Khalil’s op-ed was published only a day after a district court judge denied his request for a temporary restraining order against the Education and Workforce Committee’s request for disciplinary records from Columbia University.

“This is a victory for credible oversight,” Committee chairman Tim Walberg said. “An injunction would interfere with a congressional investigation and handicap the functioning of the legislative branch of government under Article I of the Constitution. The work to investigate antisemitism on our nation’s college campuses and develop legislative solutions will continue. Our Committee will not sit by idly as a wave of antisemitic threats flood our colleges and universities and interfere with students’ education.”

Who is Mahmoud Khalil?

Khalil is a senior member of Columbia University Apartheid Divest (CUAD) - a group responsible for outbreaks of vandalism and unrest that has praised the October 7 massacre. 

“We support liberation by any means necessary, including armed resistance,” CUAD has said in past statements.  “In the face of violence from the oppressor equipped with the most lethal military force on the planet, where you’ve exhausted all peaceful means of resolution, violence is the only path forward.”

In a November 7 Substack tribute, CUAD described Hamas leader Yahya Sinwar as a “brave man” who will live in the hearts of many.
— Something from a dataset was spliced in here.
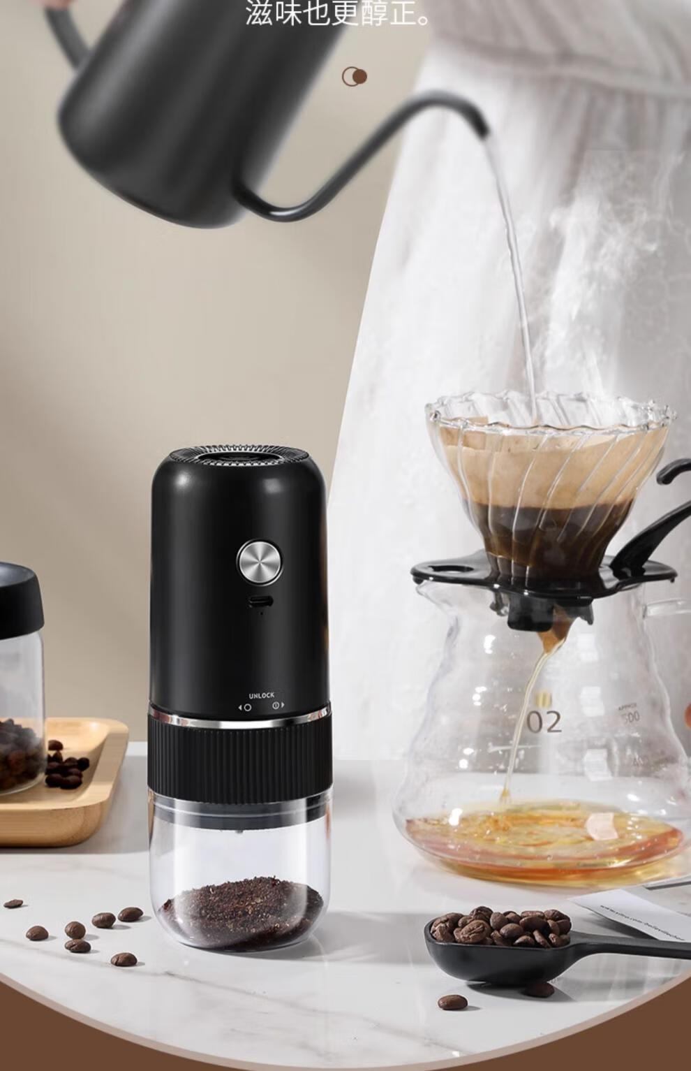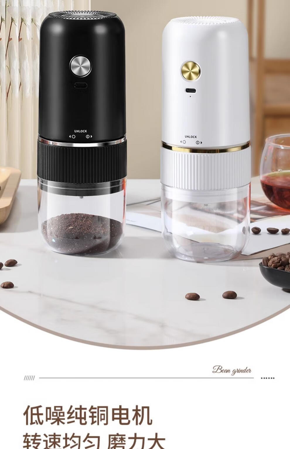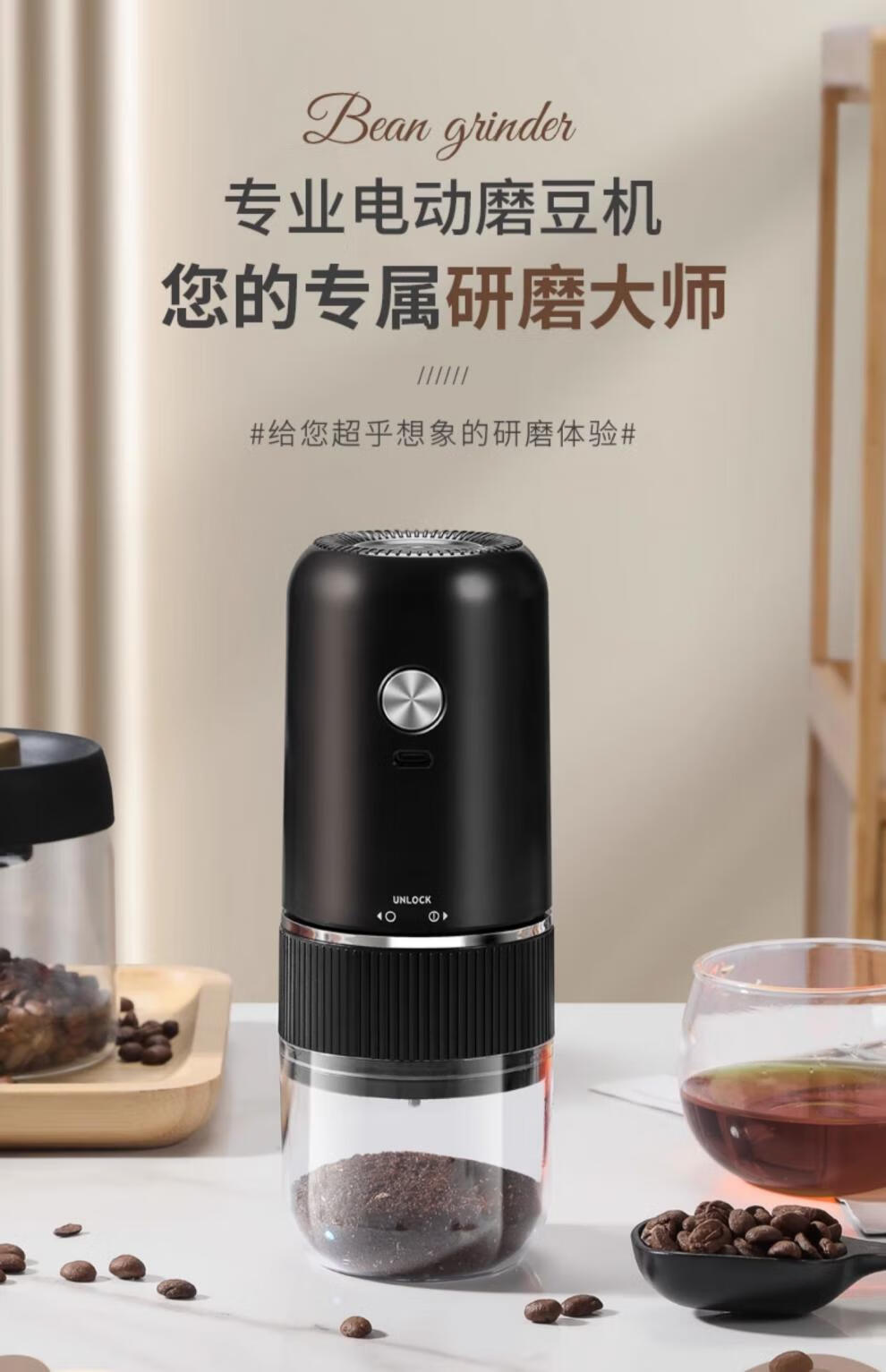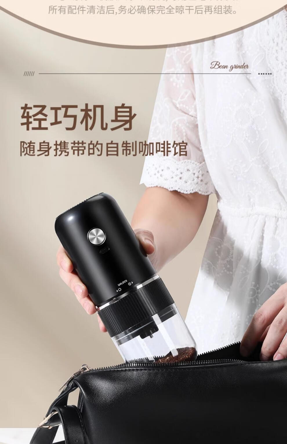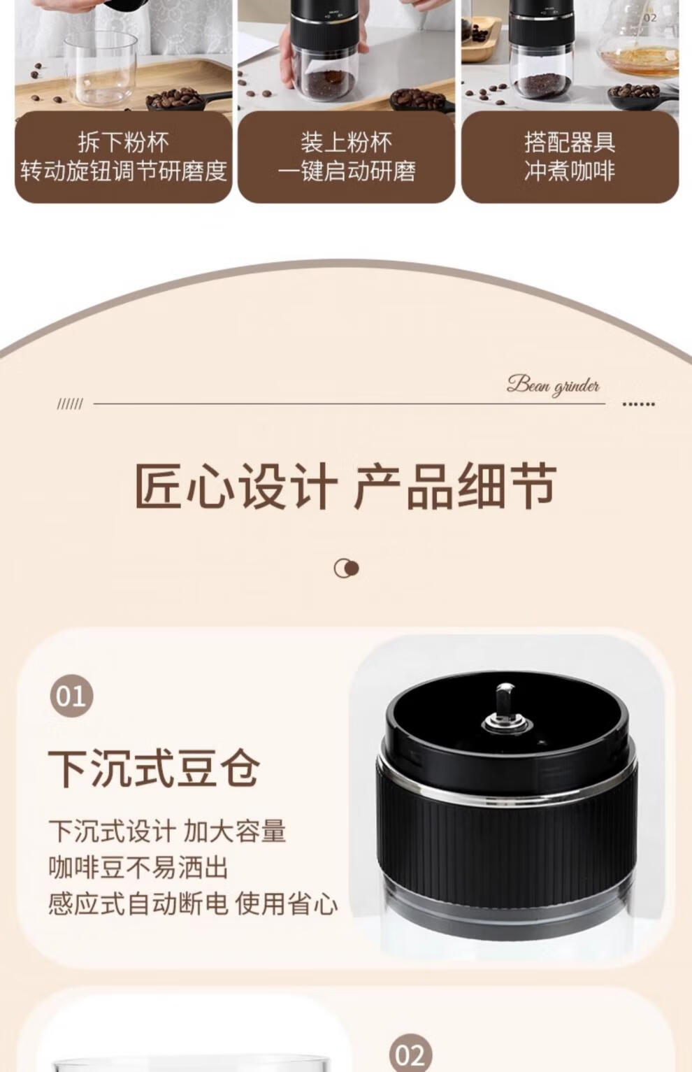 Tuojin Japan imported high-quality coffee bean grinder portable small household freshly ground grinder automatic coffee black 40-speed external adjustment + 3 times battery life delivery volume

CUAD praised the October 7 Massacre as “Sinwar’s crowning achievement” because the “Al-Aqsa Flood was the very essence of what it is to resist ‘with what we have.’”

“The act of Palestinian resistance on October 7, known as the Al-Aqsa Flood, breached Israeli security and made significant military advances. [This is] a day that will go down in history.”

Other persons celebrated by the group include Aaron Bushnell, who self-immolated in support of Gaza, PFLP spokesperson Ghassan Kanafani and Hamas leader Ismail Haniyeh.

Michael Starr contributed to this report.